From the listing that follows, reproduce only the lines from the one holding "Nota: pasado Poligny" through the one holding "Lustr s krystaly, čtyři", both included, with no pictures.

MATERIAL FOR THIS TASK
-- Opening Marker --

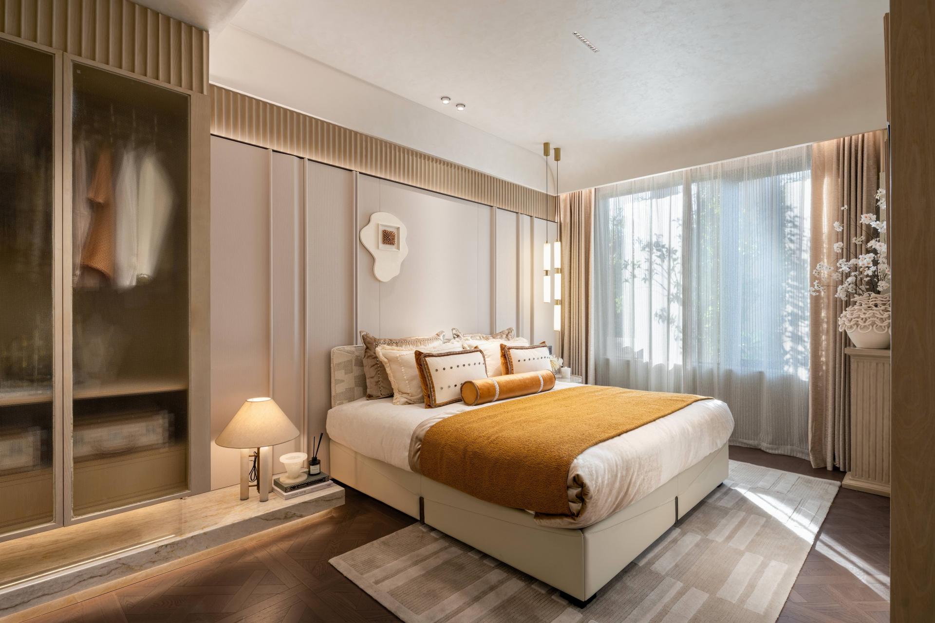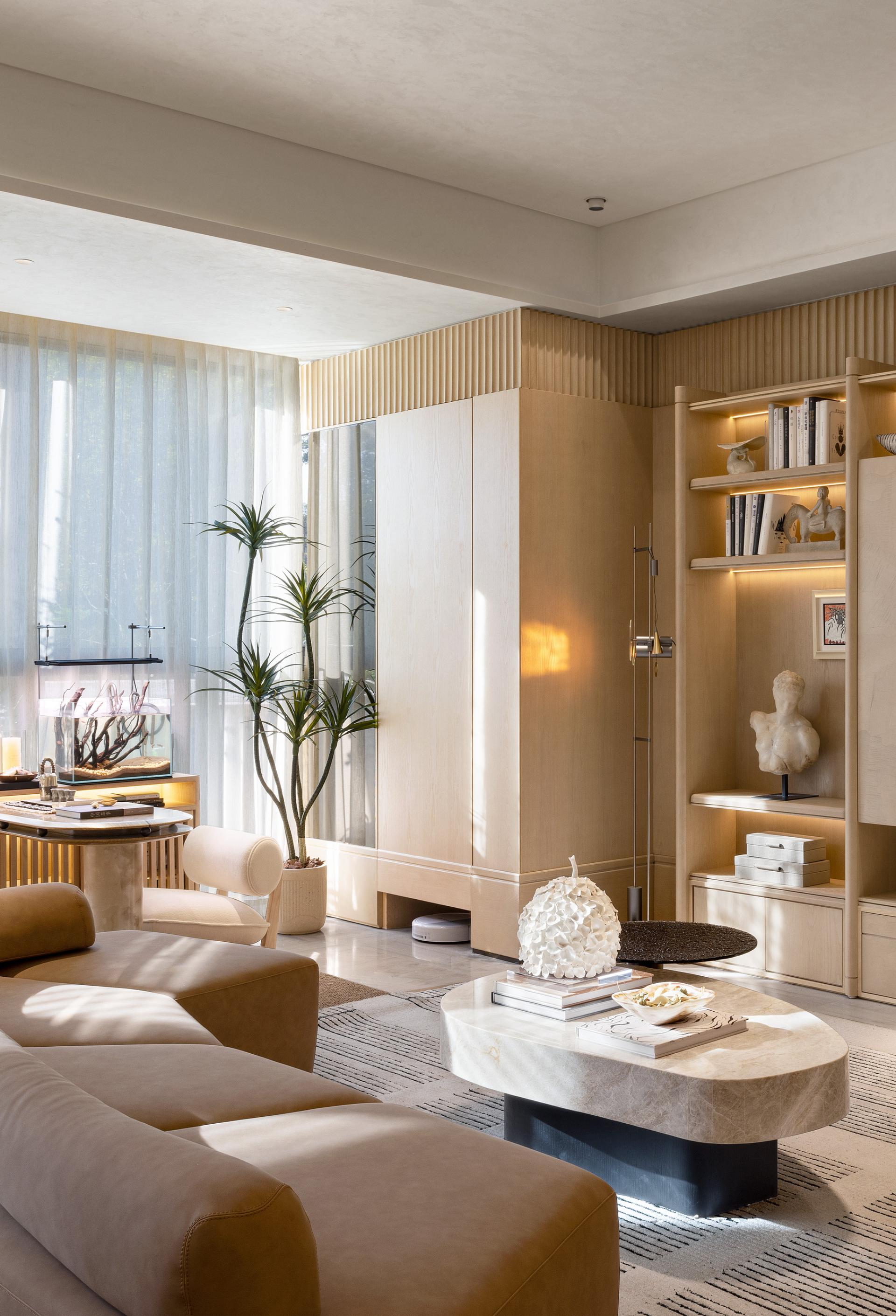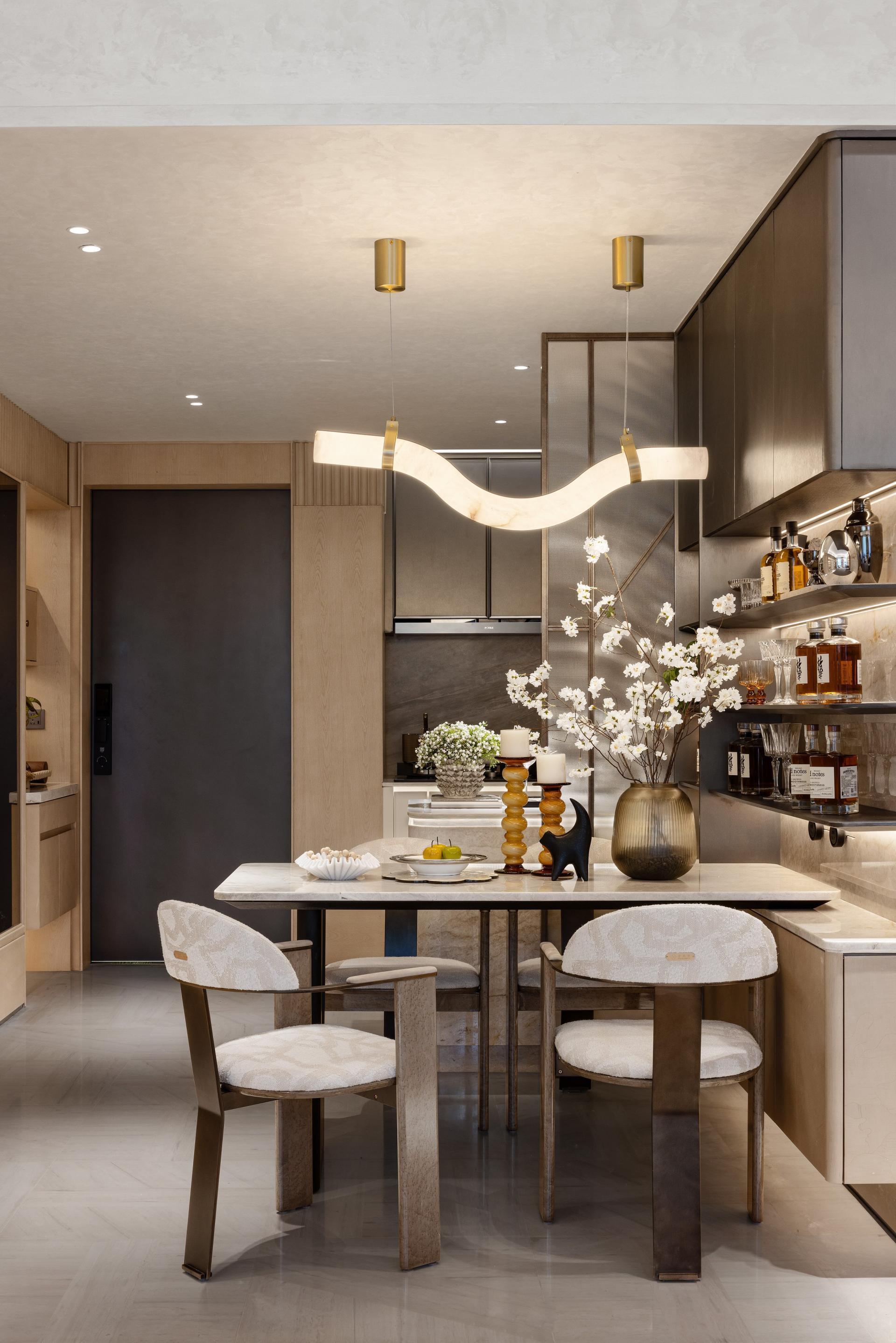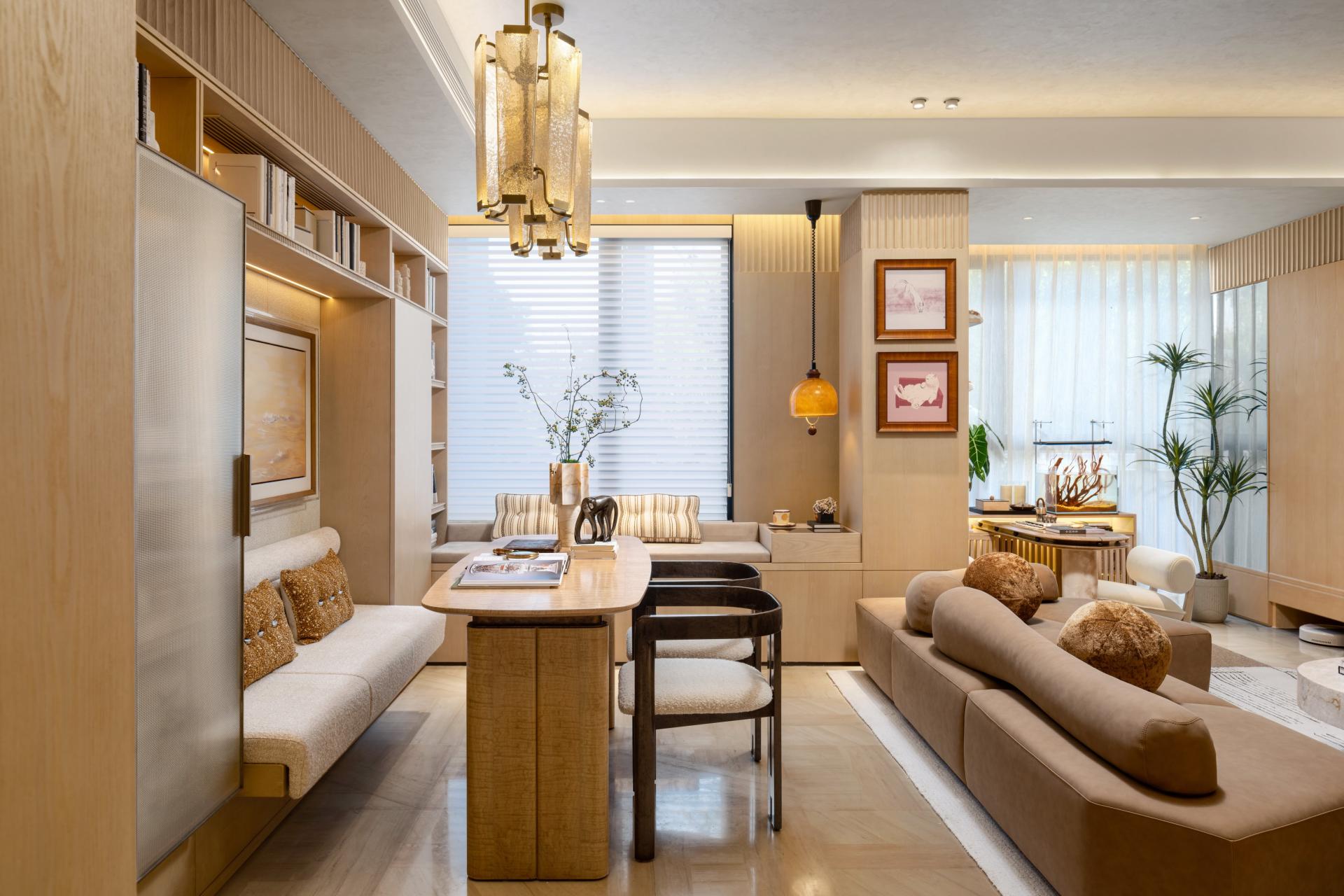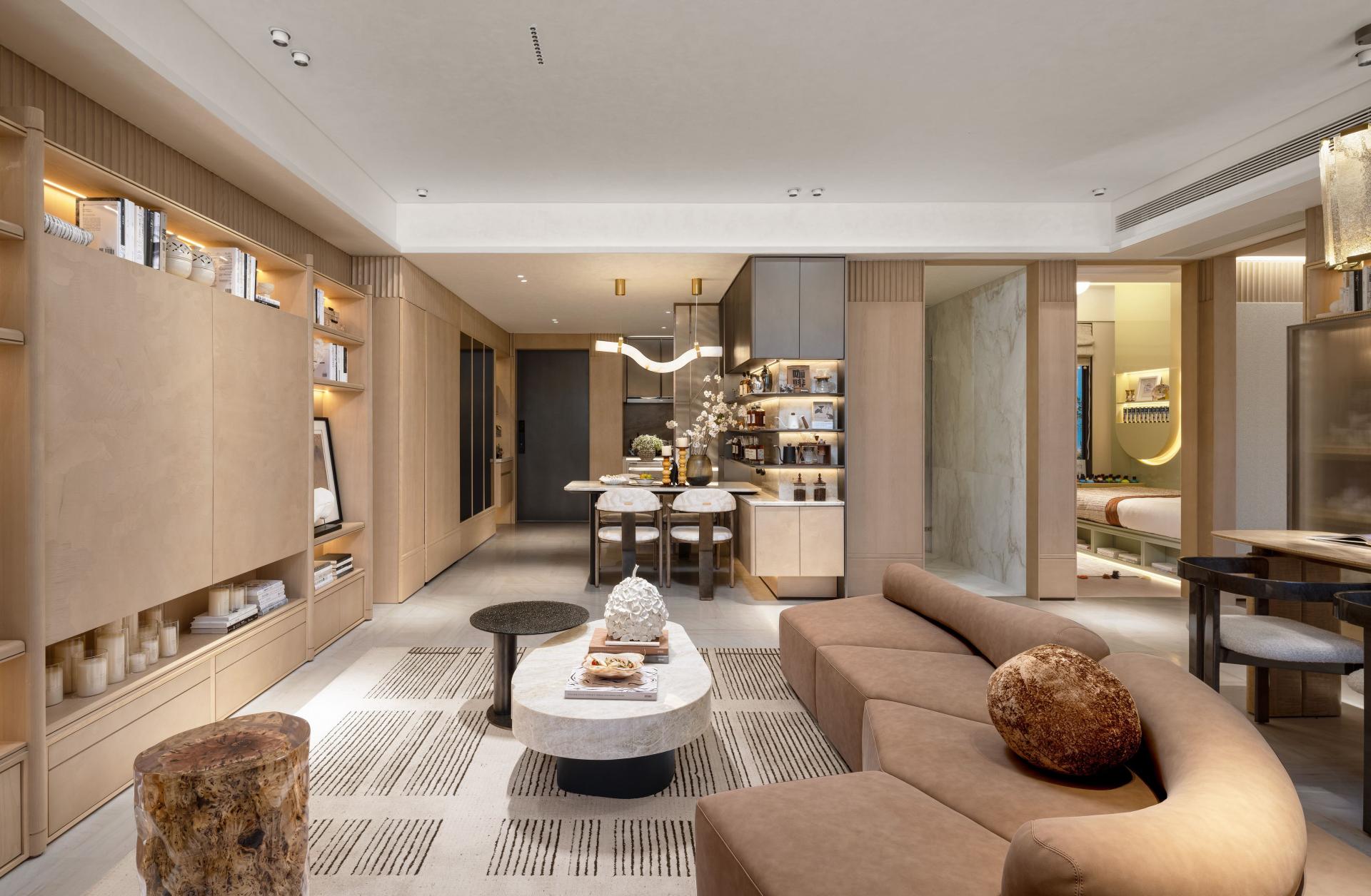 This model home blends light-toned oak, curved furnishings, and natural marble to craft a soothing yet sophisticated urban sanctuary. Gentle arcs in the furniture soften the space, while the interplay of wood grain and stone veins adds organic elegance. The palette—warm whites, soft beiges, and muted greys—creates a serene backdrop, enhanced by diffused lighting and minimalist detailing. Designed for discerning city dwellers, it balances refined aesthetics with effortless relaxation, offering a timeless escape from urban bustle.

-- Closing Marker --
-- Opening Marker --

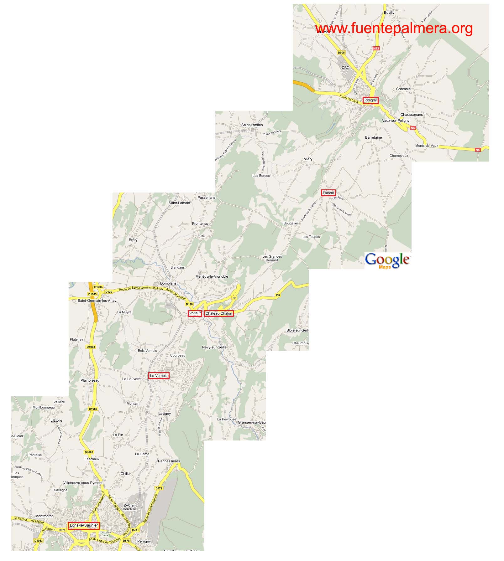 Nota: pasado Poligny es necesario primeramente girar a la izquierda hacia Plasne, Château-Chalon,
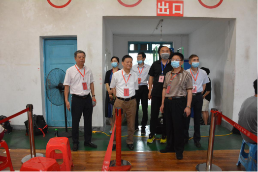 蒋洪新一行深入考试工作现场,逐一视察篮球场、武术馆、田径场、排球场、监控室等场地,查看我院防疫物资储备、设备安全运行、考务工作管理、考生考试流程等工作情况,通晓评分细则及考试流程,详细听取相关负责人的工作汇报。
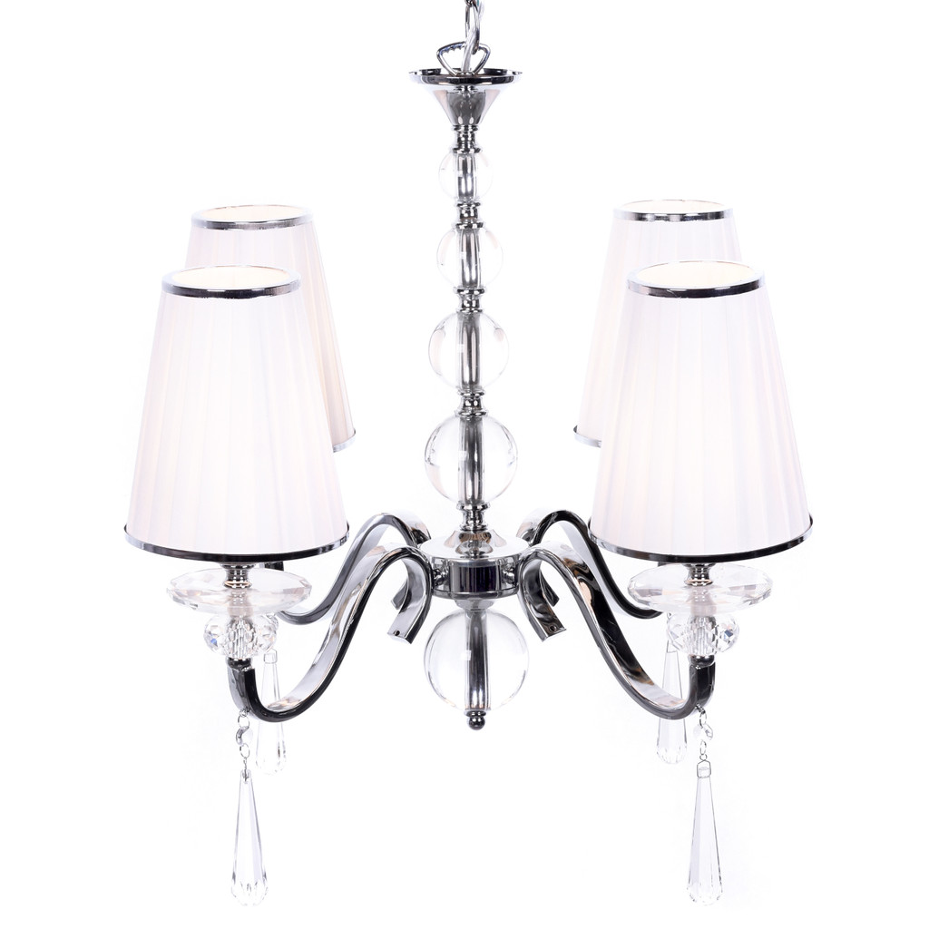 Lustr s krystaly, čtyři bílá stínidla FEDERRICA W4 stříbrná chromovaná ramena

-- Closing Marker --

RESULT OF THIS EXERCISE
 Nota: pasado Poligny es necesario primeramente girar a la izquierda hacia Plasne, Château-Chalon,
 蒋洪新一行深入考试工作现场,逐一视察篮球场、武术馆、田径场、排球场、监控室等场地,查看我院防疫物资储备、设备安全运行、考务工作管理、考生考试流程等工作情况,通晓评分细则及考试流程,详细听取相关负责人的工作汇报。
 Lustr s krystaly, čtyři bílá stínidla FEDERRICA W4 stříbrná chromovaná ramena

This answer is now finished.